━━━ DATA UNDER STUDY ━━━

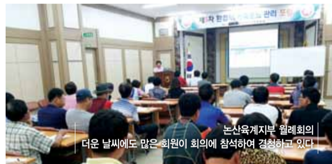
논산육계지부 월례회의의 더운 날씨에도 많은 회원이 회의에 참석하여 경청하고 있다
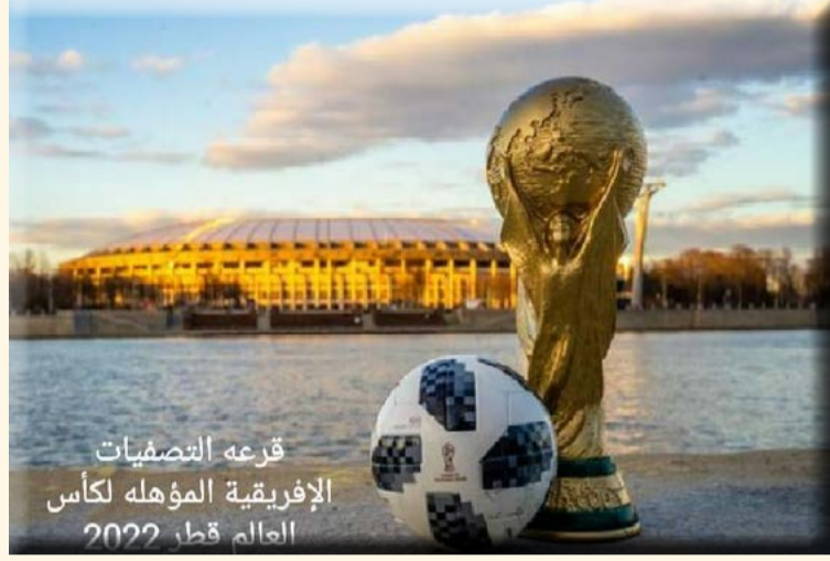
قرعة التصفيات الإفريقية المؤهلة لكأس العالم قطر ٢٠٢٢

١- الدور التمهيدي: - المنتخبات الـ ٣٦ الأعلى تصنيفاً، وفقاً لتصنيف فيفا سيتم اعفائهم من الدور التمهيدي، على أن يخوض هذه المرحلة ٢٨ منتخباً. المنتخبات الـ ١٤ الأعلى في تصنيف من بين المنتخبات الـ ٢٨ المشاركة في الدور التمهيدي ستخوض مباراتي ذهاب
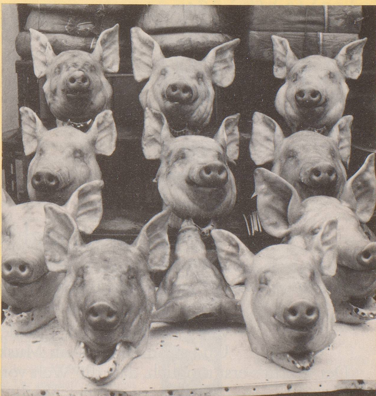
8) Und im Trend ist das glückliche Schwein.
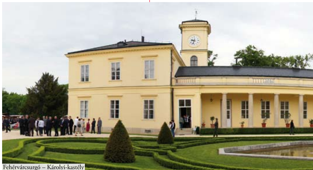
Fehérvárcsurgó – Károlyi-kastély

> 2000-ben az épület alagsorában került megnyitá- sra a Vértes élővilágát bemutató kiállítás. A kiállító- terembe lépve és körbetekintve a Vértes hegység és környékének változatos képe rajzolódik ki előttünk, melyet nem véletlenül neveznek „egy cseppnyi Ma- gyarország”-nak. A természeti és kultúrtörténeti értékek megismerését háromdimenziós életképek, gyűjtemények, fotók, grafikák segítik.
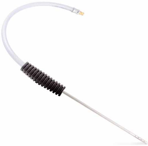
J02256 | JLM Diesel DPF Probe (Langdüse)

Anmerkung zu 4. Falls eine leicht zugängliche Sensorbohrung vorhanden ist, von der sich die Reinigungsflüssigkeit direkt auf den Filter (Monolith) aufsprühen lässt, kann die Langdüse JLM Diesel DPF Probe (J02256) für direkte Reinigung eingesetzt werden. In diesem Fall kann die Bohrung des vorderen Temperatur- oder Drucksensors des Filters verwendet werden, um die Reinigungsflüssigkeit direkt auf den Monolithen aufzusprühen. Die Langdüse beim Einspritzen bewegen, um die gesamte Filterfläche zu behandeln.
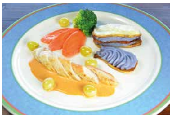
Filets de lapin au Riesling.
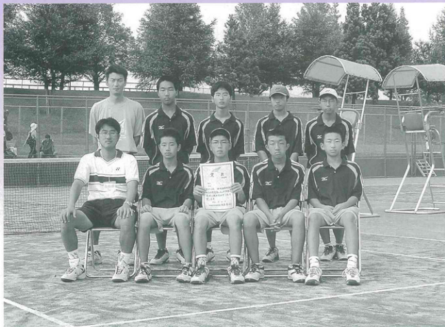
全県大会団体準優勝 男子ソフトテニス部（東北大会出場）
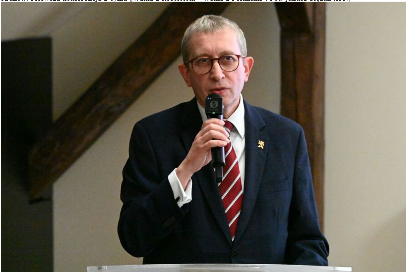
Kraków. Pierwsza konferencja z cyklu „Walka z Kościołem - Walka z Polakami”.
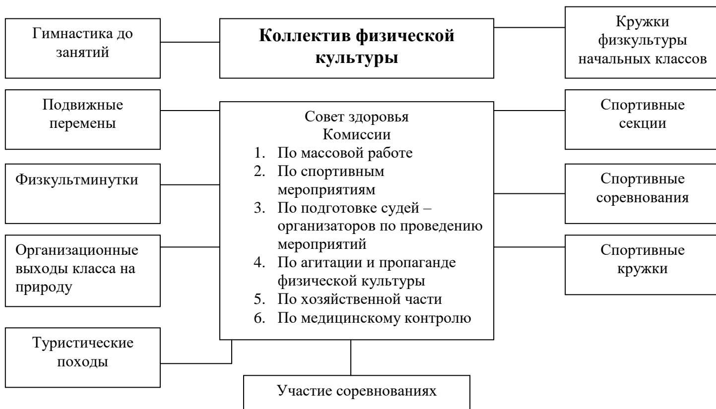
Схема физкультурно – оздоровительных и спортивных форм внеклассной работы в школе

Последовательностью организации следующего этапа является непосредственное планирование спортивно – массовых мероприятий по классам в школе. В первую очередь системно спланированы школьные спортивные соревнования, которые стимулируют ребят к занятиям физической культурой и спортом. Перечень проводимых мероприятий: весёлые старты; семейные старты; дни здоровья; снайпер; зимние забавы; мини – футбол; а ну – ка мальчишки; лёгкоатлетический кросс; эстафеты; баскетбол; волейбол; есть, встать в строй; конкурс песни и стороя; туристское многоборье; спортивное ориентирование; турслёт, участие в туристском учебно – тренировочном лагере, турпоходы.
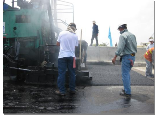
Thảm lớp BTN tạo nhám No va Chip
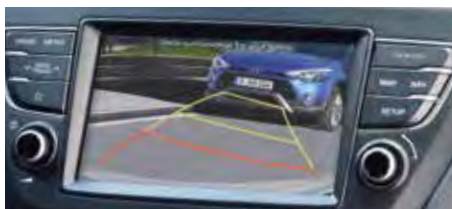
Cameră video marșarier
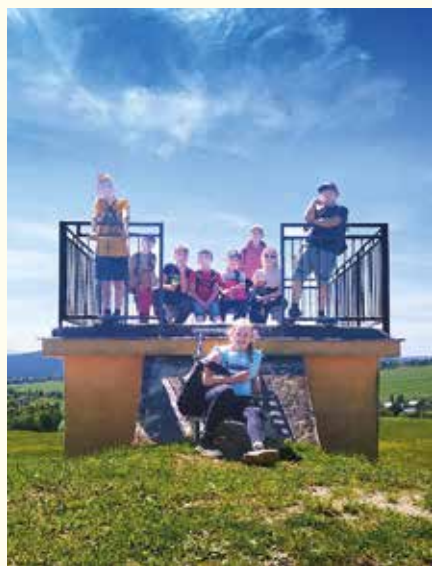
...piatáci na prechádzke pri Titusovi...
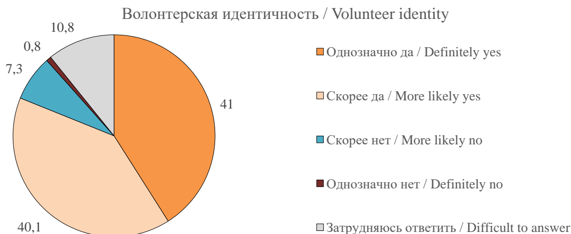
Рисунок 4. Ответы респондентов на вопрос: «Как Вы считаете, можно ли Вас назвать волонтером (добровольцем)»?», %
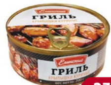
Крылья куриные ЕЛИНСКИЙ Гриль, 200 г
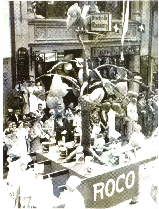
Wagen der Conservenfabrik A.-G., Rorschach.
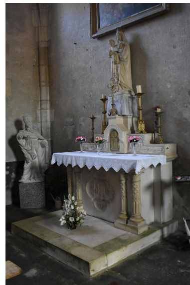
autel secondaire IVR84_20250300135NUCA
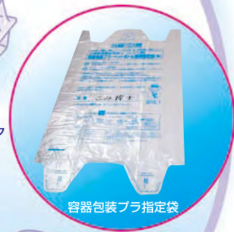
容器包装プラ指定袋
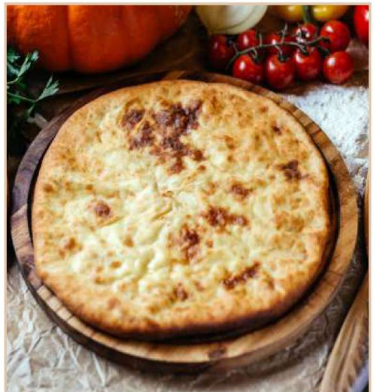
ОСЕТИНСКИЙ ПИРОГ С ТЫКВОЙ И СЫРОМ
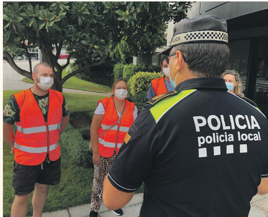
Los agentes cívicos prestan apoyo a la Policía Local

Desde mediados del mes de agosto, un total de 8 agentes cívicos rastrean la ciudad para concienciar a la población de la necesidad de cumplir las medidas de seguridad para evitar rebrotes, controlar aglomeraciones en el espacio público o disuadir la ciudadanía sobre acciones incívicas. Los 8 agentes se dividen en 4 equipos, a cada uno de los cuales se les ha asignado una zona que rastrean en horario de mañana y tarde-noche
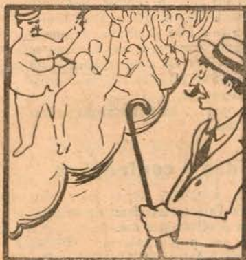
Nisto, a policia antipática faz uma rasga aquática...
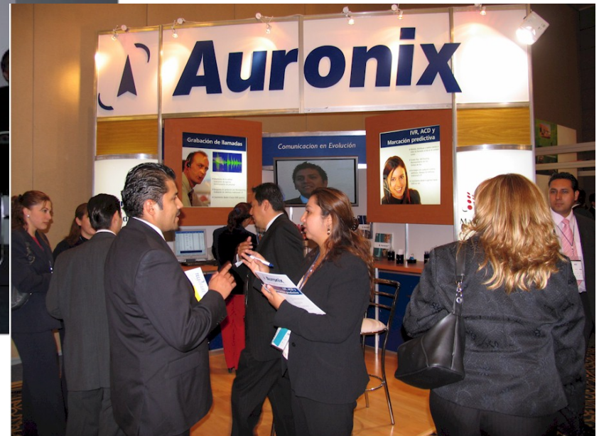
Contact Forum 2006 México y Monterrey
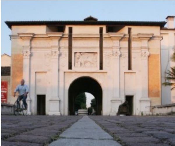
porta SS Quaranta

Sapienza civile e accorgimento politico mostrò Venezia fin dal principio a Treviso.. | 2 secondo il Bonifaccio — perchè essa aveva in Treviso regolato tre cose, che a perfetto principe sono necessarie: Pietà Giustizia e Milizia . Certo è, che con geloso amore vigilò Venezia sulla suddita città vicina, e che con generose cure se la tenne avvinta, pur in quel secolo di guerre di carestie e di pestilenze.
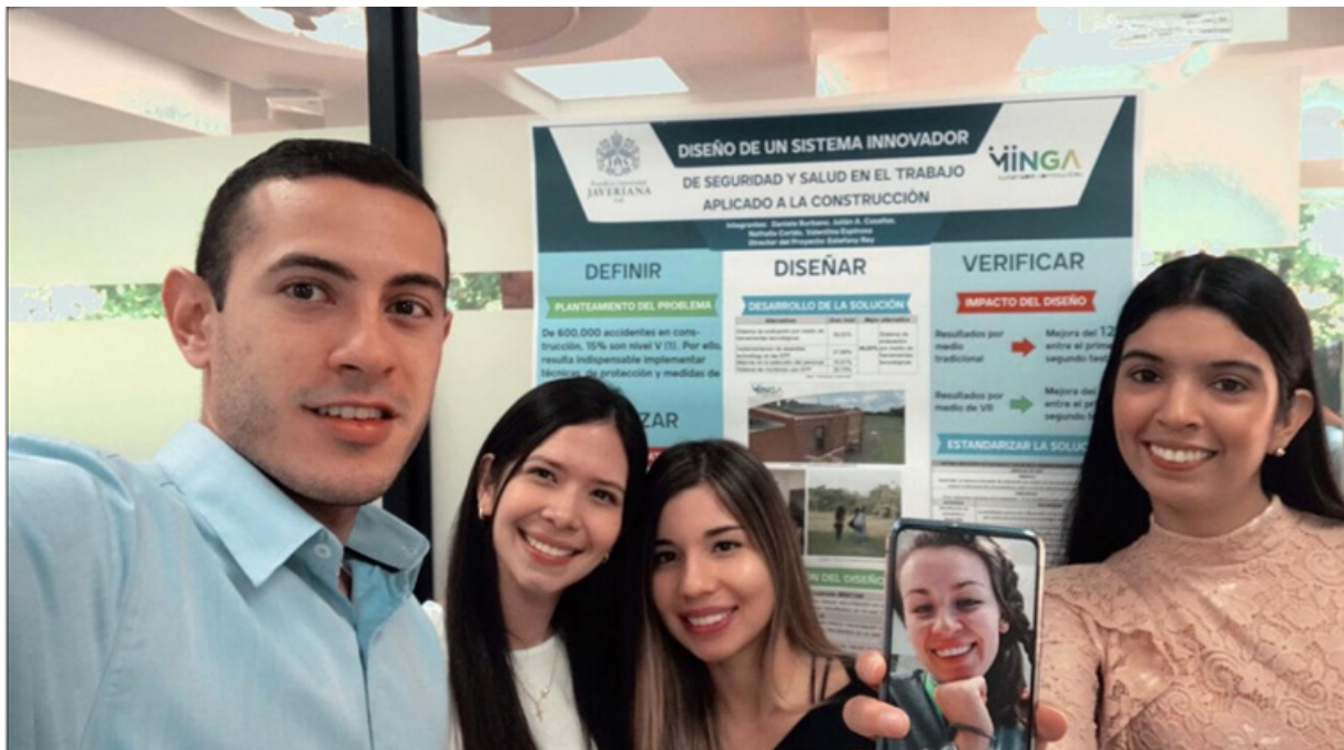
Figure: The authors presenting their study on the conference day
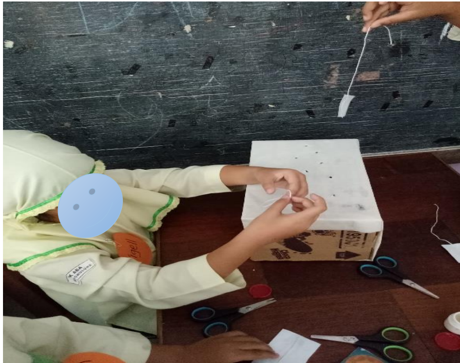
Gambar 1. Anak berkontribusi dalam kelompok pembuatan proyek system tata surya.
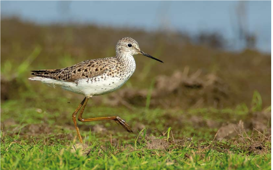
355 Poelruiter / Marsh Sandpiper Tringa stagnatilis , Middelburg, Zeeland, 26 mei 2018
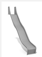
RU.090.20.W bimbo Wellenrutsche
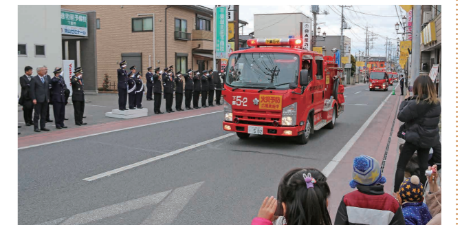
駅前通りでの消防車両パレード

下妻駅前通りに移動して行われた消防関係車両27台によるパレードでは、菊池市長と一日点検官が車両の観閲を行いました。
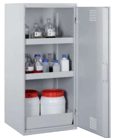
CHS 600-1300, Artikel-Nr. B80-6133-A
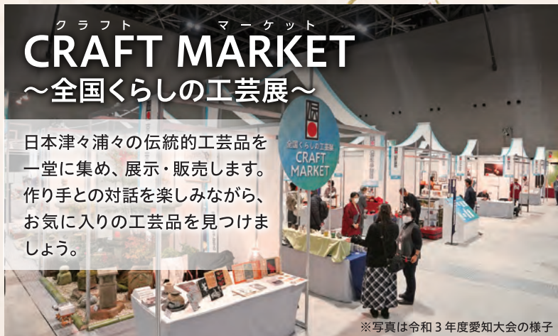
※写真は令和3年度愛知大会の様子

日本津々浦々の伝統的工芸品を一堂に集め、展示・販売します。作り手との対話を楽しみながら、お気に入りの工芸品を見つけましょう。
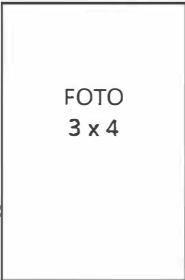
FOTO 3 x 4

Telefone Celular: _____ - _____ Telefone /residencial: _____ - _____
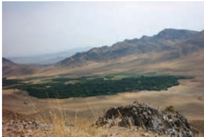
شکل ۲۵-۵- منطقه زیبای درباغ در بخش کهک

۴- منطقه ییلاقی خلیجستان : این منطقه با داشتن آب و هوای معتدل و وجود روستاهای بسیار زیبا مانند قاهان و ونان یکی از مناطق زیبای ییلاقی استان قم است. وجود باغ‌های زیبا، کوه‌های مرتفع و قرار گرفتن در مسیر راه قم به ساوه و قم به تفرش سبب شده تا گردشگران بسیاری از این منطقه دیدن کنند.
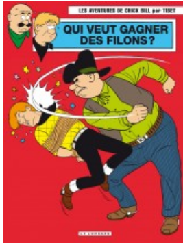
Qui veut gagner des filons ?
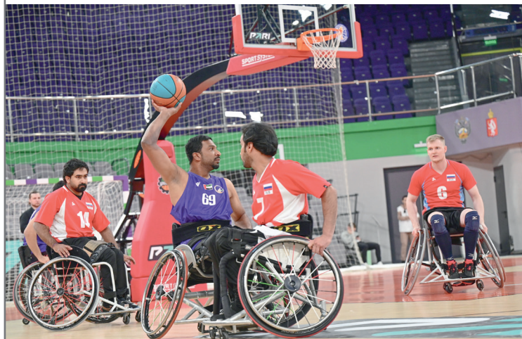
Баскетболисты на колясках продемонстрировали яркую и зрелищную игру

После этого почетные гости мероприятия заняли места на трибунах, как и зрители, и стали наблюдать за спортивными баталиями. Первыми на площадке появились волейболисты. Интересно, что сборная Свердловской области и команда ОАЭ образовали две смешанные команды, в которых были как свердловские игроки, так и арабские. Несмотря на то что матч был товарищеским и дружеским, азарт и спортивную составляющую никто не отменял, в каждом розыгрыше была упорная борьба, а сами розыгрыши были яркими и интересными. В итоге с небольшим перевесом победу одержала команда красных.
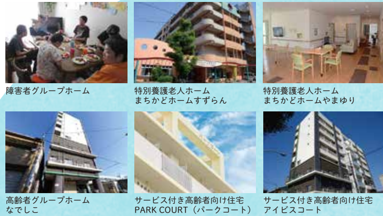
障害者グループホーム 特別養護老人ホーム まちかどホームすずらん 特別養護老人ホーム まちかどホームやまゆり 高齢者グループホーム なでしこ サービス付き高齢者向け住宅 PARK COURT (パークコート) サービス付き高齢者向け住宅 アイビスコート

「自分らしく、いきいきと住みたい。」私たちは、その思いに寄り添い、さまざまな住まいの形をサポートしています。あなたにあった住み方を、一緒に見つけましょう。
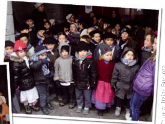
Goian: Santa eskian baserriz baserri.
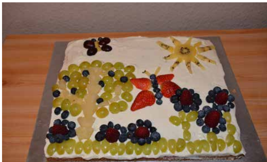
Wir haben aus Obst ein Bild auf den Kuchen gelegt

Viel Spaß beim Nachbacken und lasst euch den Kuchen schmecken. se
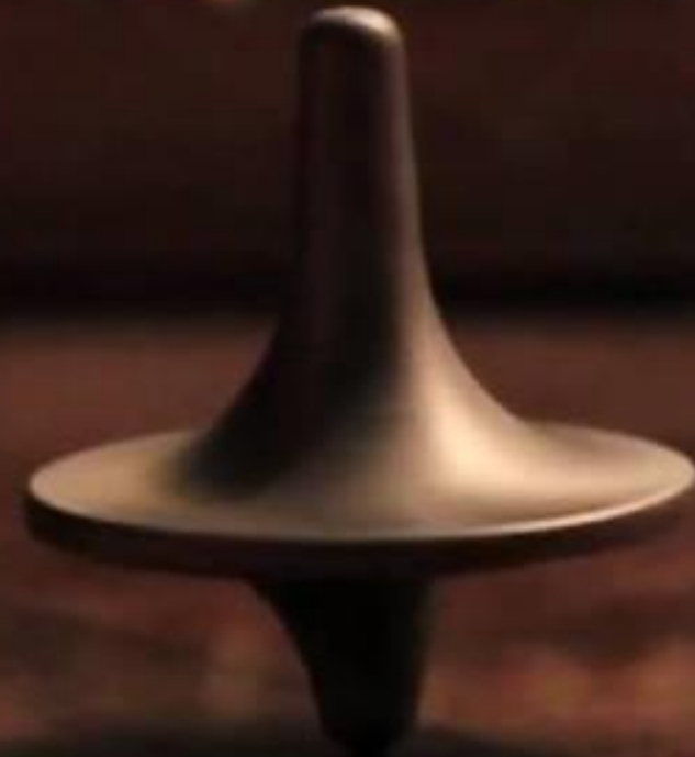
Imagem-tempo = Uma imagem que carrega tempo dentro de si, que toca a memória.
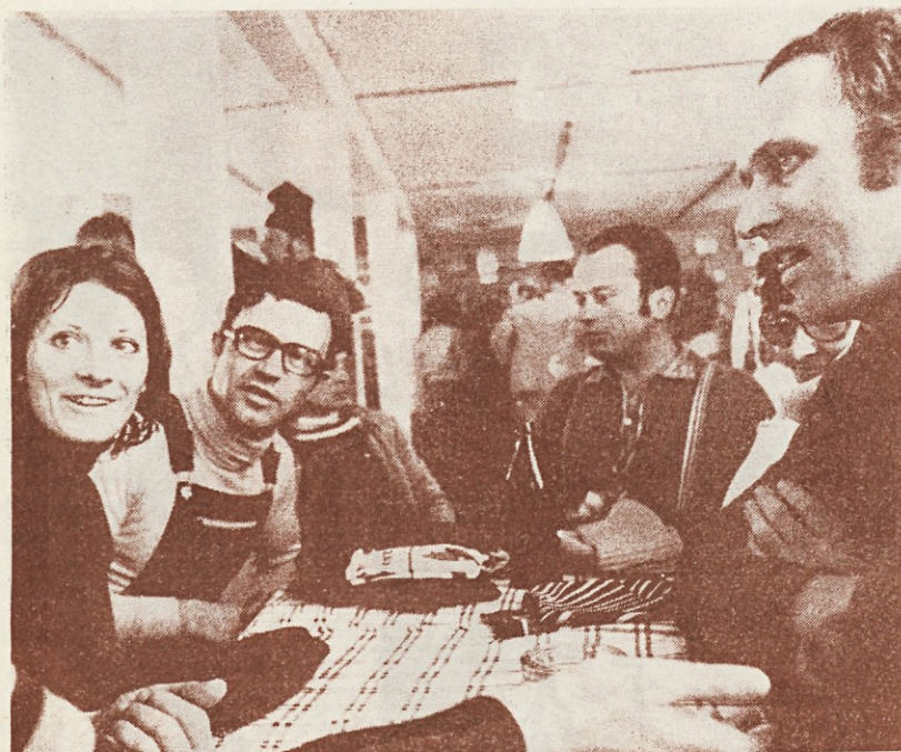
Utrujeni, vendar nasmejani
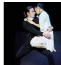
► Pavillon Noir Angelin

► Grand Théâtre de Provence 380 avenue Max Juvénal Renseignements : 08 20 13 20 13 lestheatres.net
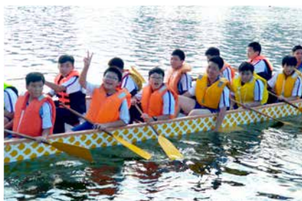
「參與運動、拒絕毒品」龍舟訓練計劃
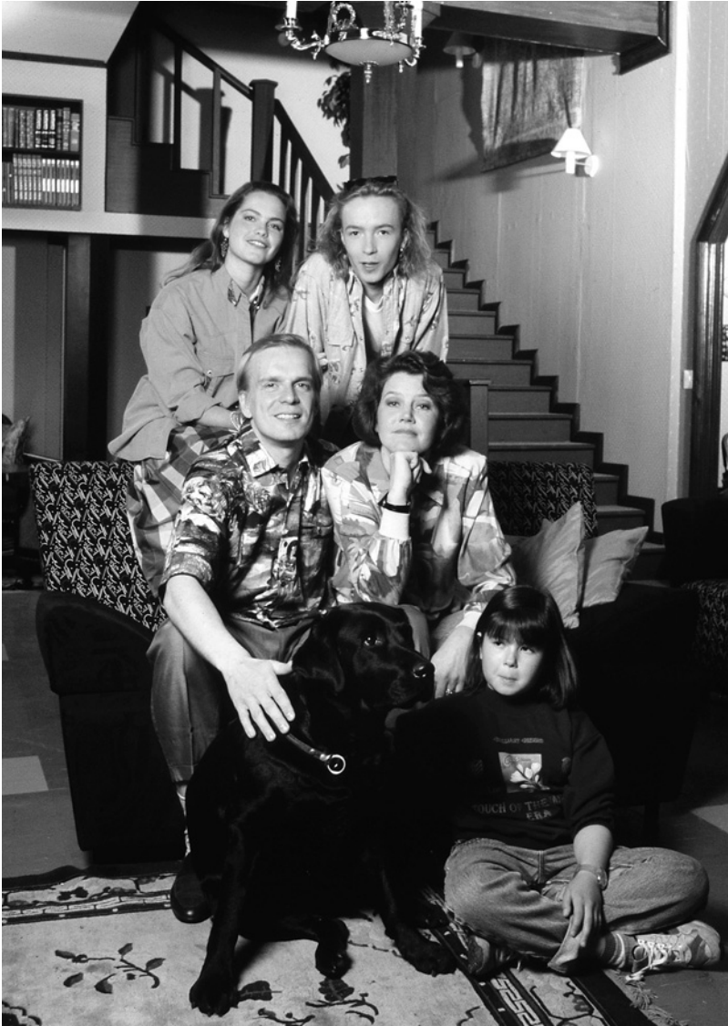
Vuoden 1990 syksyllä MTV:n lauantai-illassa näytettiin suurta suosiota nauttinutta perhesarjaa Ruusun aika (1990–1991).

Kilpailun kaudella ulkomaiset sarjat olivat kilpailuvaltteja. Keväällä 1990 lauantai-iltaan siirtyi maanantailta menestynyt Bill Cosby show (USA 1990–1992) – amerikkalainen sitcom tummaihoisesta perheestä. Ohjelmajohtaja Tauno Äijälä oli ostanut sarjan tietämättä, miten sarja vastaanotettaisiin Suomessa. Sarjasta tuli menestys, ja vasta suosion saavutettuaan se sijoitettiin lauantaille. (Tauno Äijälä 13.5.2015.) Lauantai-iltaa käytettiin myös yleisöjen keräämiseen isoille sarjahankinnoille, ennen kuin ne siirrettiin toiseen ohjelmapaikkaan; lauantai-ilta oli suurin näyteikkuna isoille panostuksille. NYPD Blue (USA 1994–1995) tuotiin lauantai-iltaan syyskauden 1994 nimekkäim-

━━━

### YOUR INSTRUCTIONS:
Go through the entries and count the lines where the word "lauantai" appears; give only the count.

### YOUR RESPONSE:
2